It is possible to envisage exceptional situations where, although a school satisfies the criteria in section 19(6) and there is no physical impediment to the child attending that school, it is none the less not reasonable to expect the child to attend that school. Imagine, for instance, a situation in which three other children in the school were facing criminal charges, which they denied, of sexually assaulting that child. In such circumstances it might not be reasonably practicable for the child to continue to attend the school. The local education authority would then come under a duty under section 19 to make alternative arrangements.

The result in this case

49.

If a school is unable to prevent a child being subjected to persistent bullying it may be reasonable for the parents to withdraw that child from the school. In such circumstances it will not be reasonably practicable for the child to continue to attend that school. That is not this case. We have held that Mr G has acted unreasonably in refusing to permit his son to continue to attend St George’s. There is no doubt that he has been acting in what he considers to be his son’s best interests. While we sympathise with him in the dilemma with which he has been confronted, we believe that he has taken the wrong decision. This claim is not, however, Mr G’s claim; it is the claim of his son. G has "fallen through the net". For over an academic year he has not received proper schooling.
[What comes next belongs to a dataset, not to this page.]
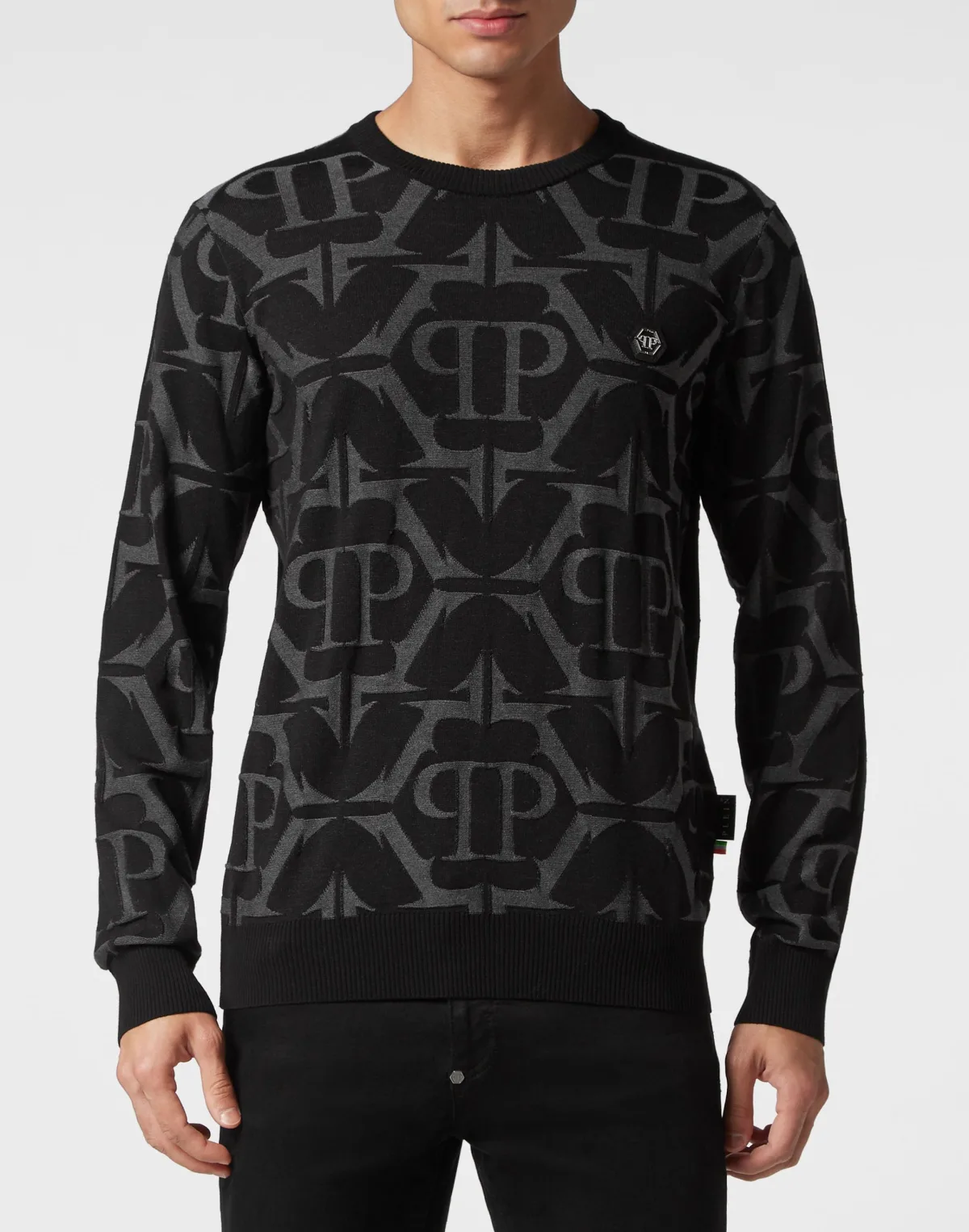 Ontdek hoe je origineel kunt zijn met alleen een pullover met ronde hals. 18-gauge gebreide zijde en wol Hexagon met logo jacquard geweven door de hele PP Hexagon op een saffiaan lederen patch genaaid op de linkerborst Label met logo genaaid op het juk Ribgebreide halslijn en zomen

This was not attributable to any breach of the duty owed to G by the Council under section 19. At all times there has been available a place at St George’s, which is a suitable school for G. It may be that a case could have been made out that the Council were in breach of duty in failing to use their powers to see that G was sent to school at St George’s. No such case has been advanced.

50.

For the reasons that we have given, we would dismiss this appeal.